Let $f$ be twice continuously differentiable. If $\int_0^\infty f^2$,$\int_0^\infty f''^2$ converge. Then$\int_0^\infty f'^2 $ converges

Question

Problem: Let $ f: [0,\infty) \to \mathbb{R} $ be twice continuously differentiable and suppose that $ \int_0^\infty f(x)^2 dx $ , $ \int_0^\infty f''(x)^2 dx $ converge. Then $ \int_0^\infty f'(x)^2 dx $ converges

Attempt: $ \int_{0}^{ k} f'(x)^2 dx = \{ u = f' , u = f, v = f' , v' = f'' \} = f'(x) \cdot f''(x) |_0^k - \int_0^k f\cdot f'' $ [ missing more arguments ].

How can I continue from where I've stopped? It seems to me I need to use some kind of an inequality.

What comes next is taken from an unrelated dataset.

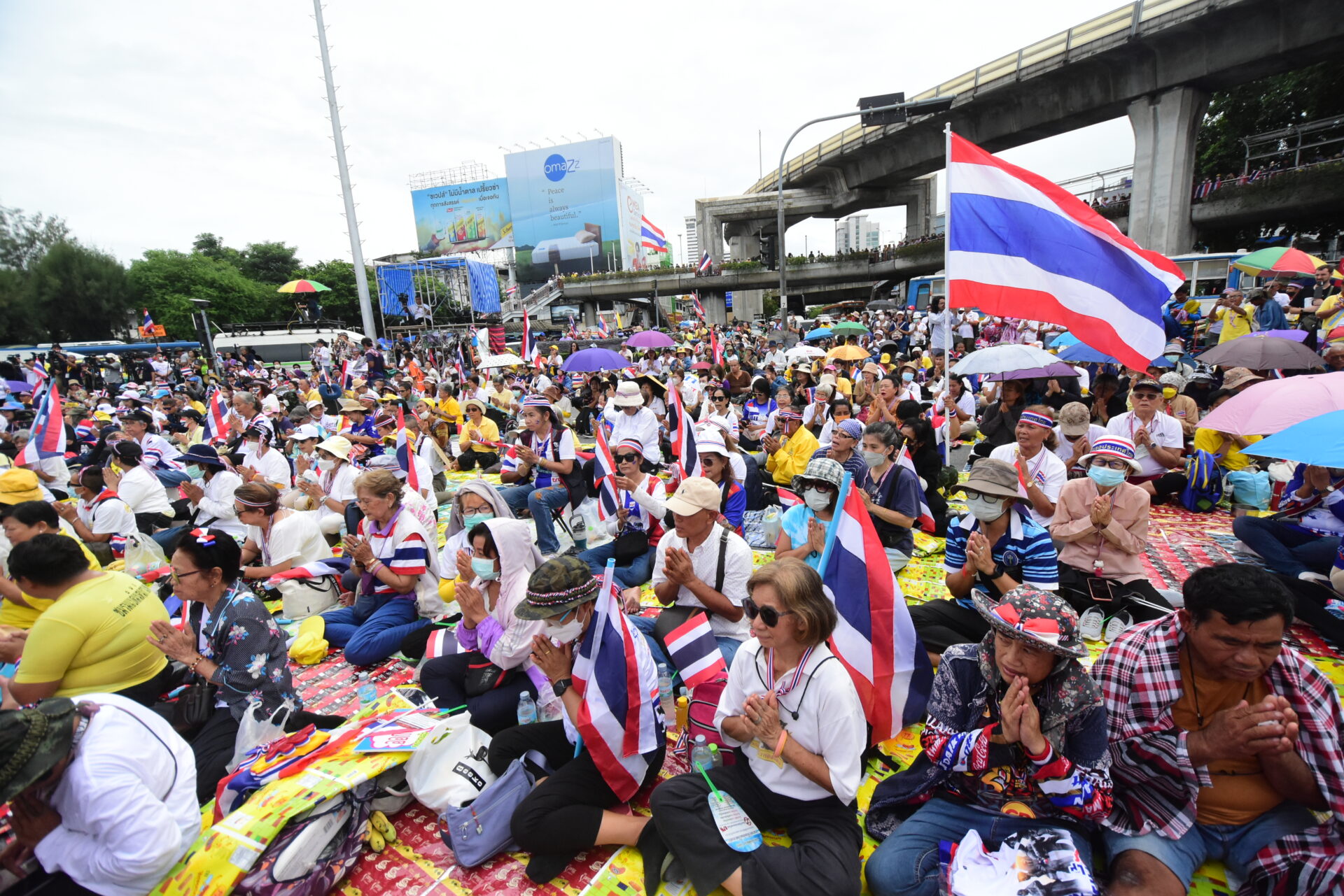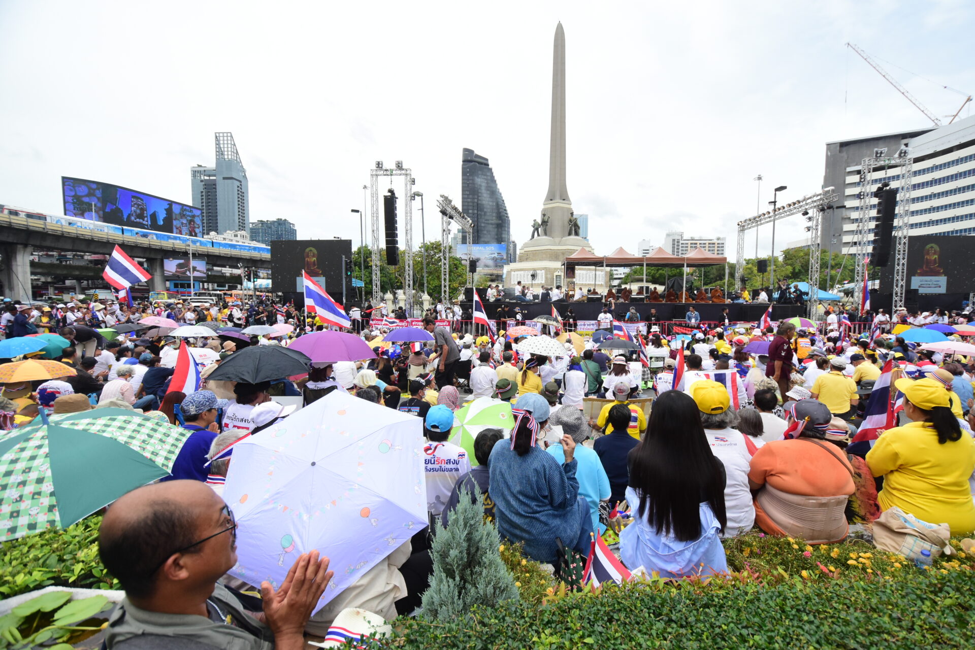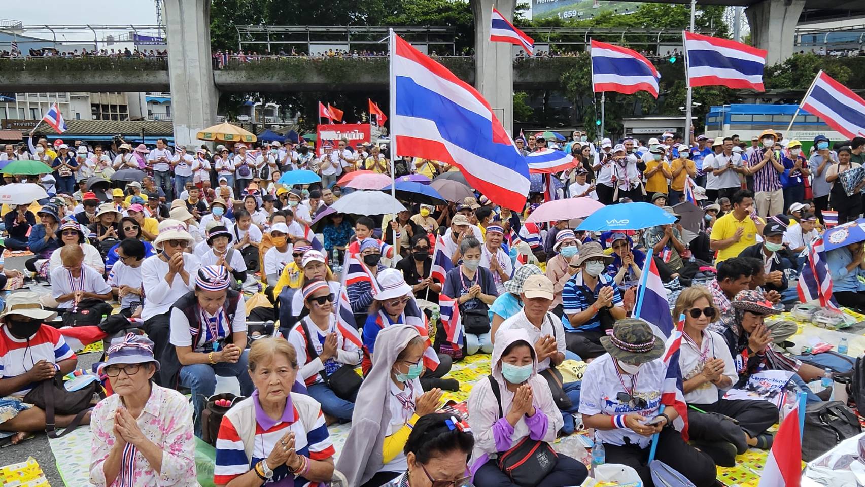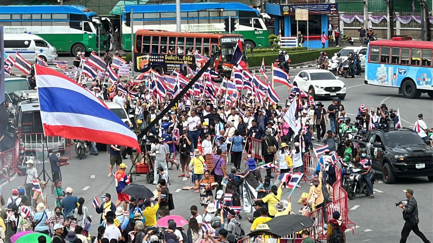 กลุ่มรวมพลังแผ่นดินปกป้องอธิปไตยทยอยจับจองพื้นที่อนุสาวรีย์ชัยฯ ตั้งแต่เช้า ผู้ชุมนุมโบกธงชาติ-ชูป้ายปกป้องอธิปไตย เตรียมเวทีบวงสรวง-ปราศรัยใหญ่ตลอดวันนี้

If it is Cauchy-Schwartz then I haven't learned about Cauchy-Schwartz Inequality yet, so is there another way?

Edit: Apparently there's the same question here with answers which use Cauchy-Schwartz Inequality: If $f$ and $f''$ are square integrable is $f'$? But my question is whether it is possible to prove the same theorem without using that inequality? as I haven't learned about it yet in relation to integrals.